Among the lines below, copy exactly those from the one with "This custom baby" through the one with "We present a", counting both ends.

# [Exercise materials]
------------------------------------------------------------
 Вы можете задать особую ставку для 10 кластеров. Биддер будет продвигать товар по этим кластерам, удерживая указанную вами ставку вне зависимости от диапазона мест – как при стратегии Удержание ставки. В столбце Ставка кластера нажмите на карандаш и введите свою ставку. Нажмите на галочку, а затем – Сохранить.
------------------------------------------------------------
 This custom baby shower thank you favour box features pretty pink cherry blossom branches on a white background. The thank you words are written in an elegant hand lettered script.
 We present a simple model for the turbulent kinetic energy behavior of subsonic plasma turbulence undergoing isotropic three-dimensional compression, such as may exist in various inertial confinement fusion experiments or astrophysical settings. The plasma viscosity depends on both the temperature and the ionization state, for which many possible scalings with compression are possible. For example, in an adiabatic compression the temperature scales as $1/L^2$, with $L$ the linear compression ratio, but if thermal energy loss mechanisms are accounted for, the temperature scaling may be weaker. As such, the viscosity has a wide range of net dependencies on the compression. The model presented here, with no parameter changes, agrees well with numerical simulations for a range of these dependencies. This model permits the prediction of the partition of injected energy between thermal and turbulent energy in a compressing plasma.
------------------------------------------------------------
# [Answer space]
 This custom baby shower thank you favour box features pretty pink cherry blossom branches on a white background. The thank you words are written in an elegant hand lettered script.
 We present a simple model for the turbulent kinetic energy behavior of subsonic plasma turbulence undergoing isotropic three-dimensional compression, such as may exist in various inertial confinement fusion experiments or astrophysical settings. The plasma viscosity depends on both the temperature and the ionization state, for which many possible scalings with compression are possible. For example, in an adiabatic compression the temperature scales as $1/L^2$, with $L$ the linear compression ratio, but if thermal energy loss mechanisms are accounted for, the temperature scaling may be weaker. As such, the viscosity has a wide range of net dependencies on the compression. The model presented here, with no parameter changes, agrees well with numerical simulations for a range of these dependencies. This model permits the prediction of the partition of injected energy between thermal and turbulent energy in a compressing plasma.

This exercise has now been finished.